The Boscombe Valley mystery

Watson receives a telegram from Holmes, inviting him to join for a case outside London, in Hereford shire. Mary supports the idea, so John meets his friend a few hours later. While they travel, Holmes reads the newspapers about the case: a young man, James Mc Carthy, found is father dead. They had been seen having an argument a little sooner. Everything seems to point to the son's guilt, but Holmes has a doubt.
James Mc Carthy has another supporter: Miss Turner, a very lovely young person who knows him since childhood. Her father is a wealthy man. He settled in England after having made his fortune in his native country, Australia, where he met Charles Mc Carthy, the murdered man. When Mc Carthy arrived in the Boscombe Valley with his baby boy, Turner let him use a farm for free. But that gift was not enough for the man, who wanted his son to marry the rich heiress. Turner is now very ill, dying, but he would never accept this.

Although the plot is rather simple, this short story in the country is rather pleasant. It is the first of the adventure that takes place outside London. 
Lestrade is here, too. Watson already met in "A study in scarlet", and describes him as :
"A lean, ferret-like man, furtive and sly-looking"
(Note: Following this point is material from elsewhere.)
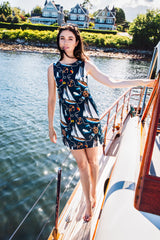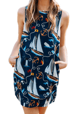 The Mariner Shift Dress is a perfect staple for any weekend trip. The comfortable and breezy shift silhouette is ideal for hot summer days, and you’ll love the stunning nautical print with vibrant sailboats, anchors, and other maritime motifs.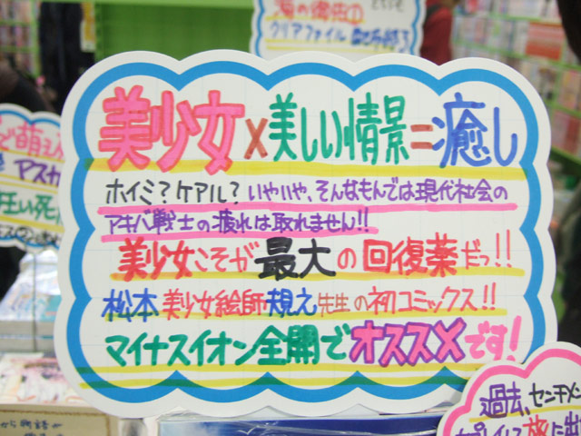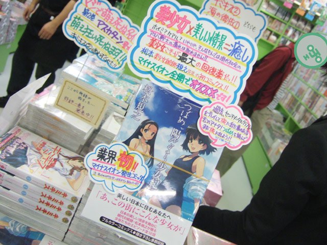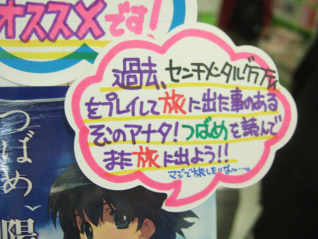 メロンブックスに掲示されていたPOPによると「美少女×美しい情景=癒し ホイミ?ケアル?いやいや、そんなもんでは現代社会のアキバ戦士の疲れは取れません!!美少女こそが最大の回復薬だっ!!松本美少女絵師規之先生の初コミックス!!マイナスイオン全開でオススメです!」「過去、センチメンタルグラフィティをプレイして旅に出た事のあるそこのアナタ!つばめを読んでまた旅に出よう!!マジで旅したいな〜・・・。」とかかれていました。

The story is well made, with witnesses -a young girl, a gamekeeper, whose testimonies are not so clearly evidences for the prosecution, but can be read this way.
After a short visit to the crime scene, where Holmes shows, beside his extraordinary faculties of observation, his lust for a chase, will come the time for a confession. This crime follows another one, twenty years sooner. 
Holmes and Watson listen, they don't judge, and won't do anything -there is no need to anymore. But Holmes will make sure that the young Mc Carthy will be declared innocent.